Он был голоден, но есть при ней ему не хотелось.
— Я водки выпью, — сказал он и налил в фужер все, что оставалось в бутылке. Выпив, он не удержался, взял кусок колбасы и стал есть.
Думаю, то, как он ел, и сыграло роль в том, на что решилась Комиссарова. Она сунула ему в руку двадцать пять рублей.
— К сожалению, у меня больше нет.
Деньги вернули Орлова на землю. Он стал прежним Орловым. Он как бы заново ощутил, зачем пришел сюда. Он небрежно покрутил ассигнацией.
— Правда, у меня больше нет. — Комиссарова показала пустой кошелек.
Орлов был огорчен и не скрывал этого.
— Обождите, — сказала она, что-то взяла со стеллажа и протянула ему. Это было кольцо с топазом. — Возьмите. Продадите, будут какие-то деньги.
Он помялся. Что-то ему подсказывало, что не следует брать кольцо.
— Больше я ничем помочь не могу.
Он взял кольцо и ушел, не сказав даже «спасибо», ушел, ненавидя своего дружка Алексея Пьяных, презирая свое мужское начало. Одно дело отобрать кольцо, другое — взять его как подарок у женщины. Он не понимал себя и не понимал Комиссарову. Почему она одарила его? Когда он взял кольцо, она сказала:
— Идите. Я устала и хочу лечь.
Это были ее последние слова, услышанные им.
Если все действительно произошло в час ночи, то сосед Комиссаровой Гриндин слышал шаги Орлова, которые он принял за шаги Рахманина. Выходило, что напрасно я относился к показаниям Гриндина с недоверием.
— Значит, вас никто не видел, Орлов? — спросил я.
Он, конечно, понял, почему я спросил об этом.
— Нет, — ответил он.
— Орлов, когда вы вернулись домой? — спросила Миронова.
— Без четверти два.
— Кто это может подтвердить?
— Мать.
— Ваша мать подтвердит, что вы Иисус Христос. В прошлый раз она подтвердила, что вы крепко спали в своей кровати, когда было совершено ограбление квартиры. Помните?
Орлов промолчал.
Рахманин жил у приятеля в мастерской на Красноказарменной улице и звонил мне по утрам, задавая один и тот же вопрос: «Что-нибудь прояснилось?»
Мы встретились на Страстном бульваре. В тени все скамейки были заняты.

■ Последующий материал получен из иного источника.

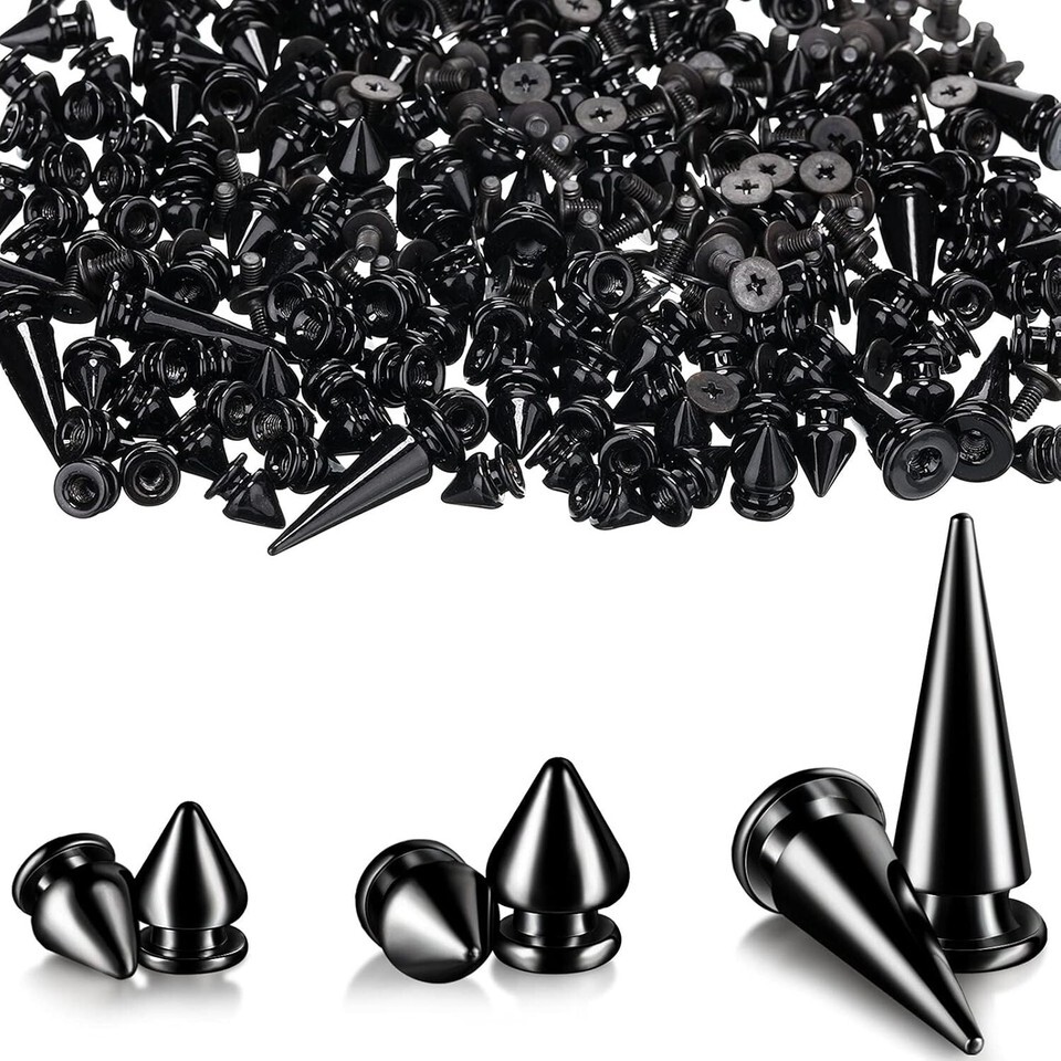 Elevate your crafting experience with our Durable Black Nickel Cone Spikes and Screwback Rivets. Designed with elegance and functionality, these versatile accessories are perfect for adding a touch of punk flair to your cherished items. Made from high-quality zinc alloy, these spikes are built to withstand the test of time, ensuring that your creativity shines through without compromising on quality.

— Вы знакомы с Гриндиным Василием Петровичем?
— Теперь им заинтересовались? Мы не здоровались.
— Что не поделили?
— Надю. Этот козел пытался ухаживать за Надей в отсутствие жены. Она аккомпаниатор, часто уезжает на гастроли. Когда я переехал к Наде, он продолжал свои попытки. Со мной он был предельно вежлив, шаркал ножкой, но ни во что меня не ставил, ухаживал за Надей открыто — то шоколадку иностранную преподнесет, то сувенир из-за границы. Однажды я вернулся домой поздно, думал, Надя уже спит, и без шума вошел в квартиру. Надя не спала. Она отбивалась от Гриндина. Я его выгнал и сказал, что переломаю ему ноги, если он близко подойдет к Наде.

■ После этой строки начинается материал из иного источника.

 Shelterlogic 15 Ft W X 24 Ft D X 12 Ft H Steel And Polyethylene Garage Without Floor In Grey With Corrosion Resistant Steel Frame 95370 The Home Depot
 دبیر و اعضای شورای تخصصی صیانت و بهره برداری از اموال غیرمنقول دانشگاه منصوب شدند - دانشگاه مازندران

Я приехал на Петровку в половине девятого. Мне хотелось поработать в тиши и одиночестве. В десять предстояло совещание у Самарина.
Разложив на столе бумаги, я принялся составлять план своего выступления. Зазвонил телефон.

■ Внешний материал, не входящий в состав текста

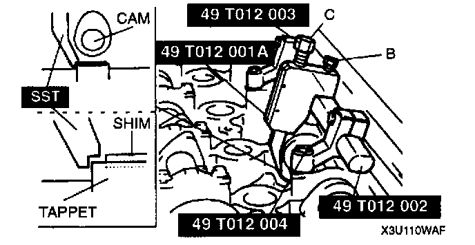 10. Tighten bolt C, and press down the tappet.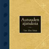 Elina Takalan toimittama Autuuden ajatuksia on hyvin kaunis ja tyylikkäästi vanhanaikaiselta näyttävä kirja. Sama ajattomalla tavalla arvokas linja jatkuu myös kirjan sisällä. Koristeellisuudessaankin arvokkaalla ulkoasulla on haluttu viestiä jostain tärkeästä. Tällaisiin kansiin pannaan vain kestävää sanottavaa.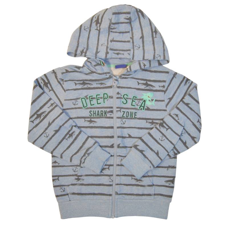 Jopica št. 110-116 v modri barvi, s črnimi črtami in potiskom, ter s kapuco in žepi.

Женский голос попросил Хмелева. Кому-то из его подруг не терпелось поговорить с ним с утра пораньше.
— Хмелев будет позже. Что ему передать?
— Это товарищ Бокарадзе?
— Бакурадзе, с вашего разрешения.
— Простите. Говорит Татьяна Грач, подруга Нади Комиссаровой. Саша сказал мне, что в случае чего я могу обратиться к вам, в его отсутствие. Мы можем встретиться? Желательно сейчас же.
Убрав со стола документы в сейф, я оставил Хмелеву записку и вышел из кабинета.
Татьяна Грач стояла у входа в Эрмитаж, нетерпеливо оглядываясь по сторонам.
— Здравствуйте. Я — Бакурадзе.
— Здравствуйте. Я вас узнала. Вы же были на похоронах.
Мы прошли в сад.
— Чем вы взволнованы, Татьяна Алексеевна?
— Называйте меня Таней, пожалуйста. Извините, что с утра оторвала вас от дела. Но я всю ночь не спала.
— Что случилось?
— Даже не знаю, с чего начать. Когда я волнуюсь, просто глупею. А вы давно на Петровке работаете? Вы совсем не похожи на Пинкертона.
Татьяна Грач долго говорила о пустяках, лишив меня надежды вернуться на Петровку хотя бы за полчаса до начала совещания.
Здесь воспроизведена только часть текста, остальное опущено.